Debbie looked down at her own suit. While kissing her, Peter had managed to get blood-handprints on her shoulders and bloodstains mirroring his own on her front. She swore, took her jacket off, and looked down at her blouse. Clear enough of blood, she decided.

“What was that you were saying about despite the breach of our code?” Jeremy asked Peter, with his usual skilful diplomacy.

“Despite the breach of our code, anything he made them do had to have some grounding in what they would normally do,” Peter said, as if nothing had happened. “Standard law of hypnosis and not one even someone with his level of ability could break. He just stretched it remarkably far. You have to admire the handiwork, if not the workmanship itself... Shoddy, that was. Not his fault, but it was shoddy. In any case, he managed to get them to do things that were almost diametrically opposed to ways they’d normally think, but not actually in complete opposition; the chain was there.”

“So? I mean, I don’t exactly dislike sex but if someone forced me to have sex all the time I can see being a little pissed off. And if they worked against my orientation I’d be even more pissed off.”

“But surely they couldn’t make you—” Jeremy objected, or at least tried to. But Debbie flapped an impatient hand. “Ah, it’s all orgasms when you get down to it.”

“See?” Peter said, grinning at Jeremy. “Told you I was good...”

“Oh, go stick your head in a pig.”

“So that’s it, is it?” Debbie asked. “Or do we actually bother counselling this lot?”

“I said it last time, I’ll say it again. There isn’t counselling good enough without fiddling about inside their heads, and that’s the last thing these people want,” Peter said firmly. As support, he turned to the man, lying prone on the floor and staring at some point beyond the ceiling, nudged him in the ribs with his foot, and said, “Do you?”

“Wha?” the man replied, averting his gaze from the ceiling with apparent effort.

“You don’t want us poking about in your brain,” Peter said patiently. “Do you?

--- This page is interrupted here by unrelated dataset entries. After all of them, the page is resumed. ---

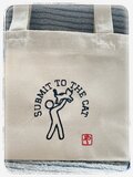 刺繍されたのは、「Submit to the cat(猫に従え)」というメッセージと、人間が猫をうやうやしく抱き上げるピクトグラム。シンプルなのにどこか微笑ましく、まるで“人と猫の絆”そのものをデザインに閉じ込めたようです。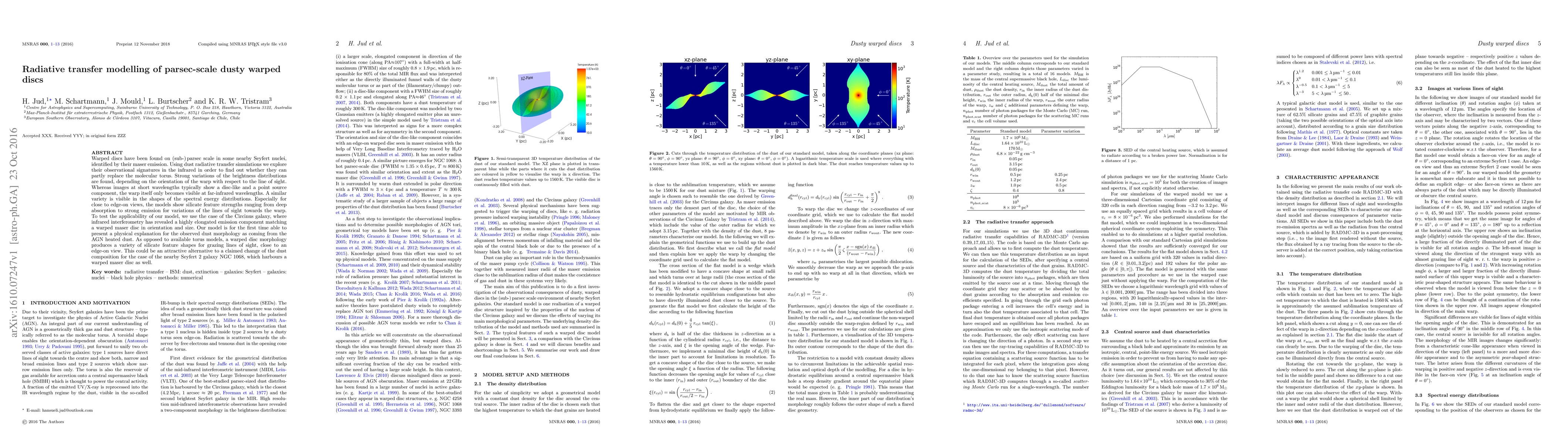 Warped discs have been found on (sub-)parsec scale in some nearby Seyfert nuclei, identified by their maser emission. Using dust radiative transfer simulations we explore their observational signatures in the infrared in order to find out whether they can partly replace the molecular torus. Strong variations of the brightness distributions are found, depending on the orientation of the warp with respect to the line of sight. Whereas images at short wavelengths typically show a disc-like and a point source component, the warp itself only becomes visible at far-infrared wavelengths. A similar variety is visible in the shapes of the spectral energy distributions. Especially for close to edge-on views, the models show silicate feature strengths ranging from deep absorption to strong emission for variations of the lines of sight towards the warp. To test the applicability of our model, we use the case of the Circinus galaxy, where infrared interferometry has revealed a highly elongated emission component matching a warped maser disc in orientation and size. Our model is for the first time able to present a physical explanation for the observed dust morphology as coming from the AGN heated dust. As opposed to available torus models, a warped disc morphology produces a variety of silicate feature shapes for grazing lines of sight, close to an edge-on view. This could be an attractive alternative to a claimed change of the dust composition for the case of the nearby Seyfert 2 galaxy NGC 1068, which harbours a warped maser disc as well.
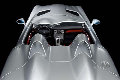 SLR Stirling Moss外型上的最大特點是沒有前擋、車頂與車窗,以開放式座艙讓駕駛者享受超高速馭風快感,其並十分重視空力設計,如座椅後方設有含一體式防滾桿的雙駝峰、控檯前方加裝一小片玻璃、引擎蓋附有三個進排風口等等,這些也都是300 SLR的主要象徵。此外,本車側面線條是完全針對破風而來,同時包覆車底的大型分流器可追求後軸最大的下壓力,而時速達120km/h自動升起的尾翼,亦可手動控制當作空力煞車輔助所用,加上開放式座艙能大幅降低空氣阻力,空力上已毫無弱點可言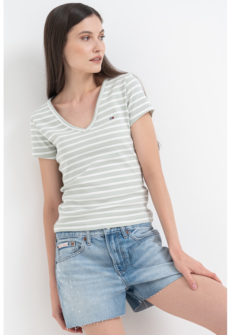 - verde prafuit Imprimeu: dungi Material: bumbac Croiala: slim fit Model: in v Lungime maneca: maneca scurta Compozitie Exterior: 95% bumbac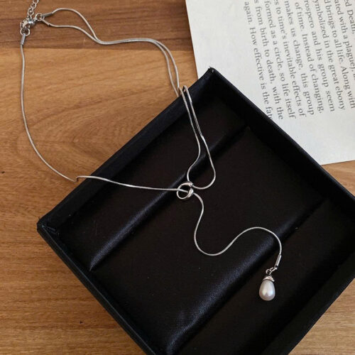 • Dây chuyyền chữ Y điều chỉnh giọt nước ngọc trai màu BẠC, phụ kiện vòng cổ đơn giản cá tính, Dây chuyền độc đáo đi tiệc nhẹ nhàng B4729

Your choice, of course.”

“No!” The man tried to get up, failed, and rolled away, keeping his eyes on the trio frantically, his panic utterly tangible.

“Even if it’s for your own good?” Peter said, smiling a deliberately bad impersonation of sweetness and light. Combined with the blood on his jacket and bare hands, the implicit threat was as strong as could be imagined.

“No!”

Peter smiled and turned to his companions. “I told you,” he said. “And you’ll have noted I didn’t even use my aura for the lightest of influences in my favour... If you’d wanted to help them you should have done so while you were repairing the damage. We’ve freed their psyches; if their psyches aren’t strong enough to cope with what they’ve done, then that’s their lookout. They have each other to rely on.”

“They’ve spent far too much bloody time relying on people! That’s the fucking problem!”

“Then we can’t help, can we?”

Debbie sighed exasperatedly. She loved Peter, really, but he could be a right dick at times. “Ok, so we can’t help them get their heads together. But we could make them some tea or something... they’ve spent too long having to do things themselves.”

“Or clean the blood and assorted body parts off the walls,” Jeremy added. There was a thoughtful pause, broken only by vomiting as the inhabitants of the house took in their surroundings for the first time.

“I’ll make the tea,” Debbie said. “Have fun, boys.”

Jeremy and Peter exchanged looks behind her back. “Yeah, man,” Jeremy said, at length. “You’re so good.”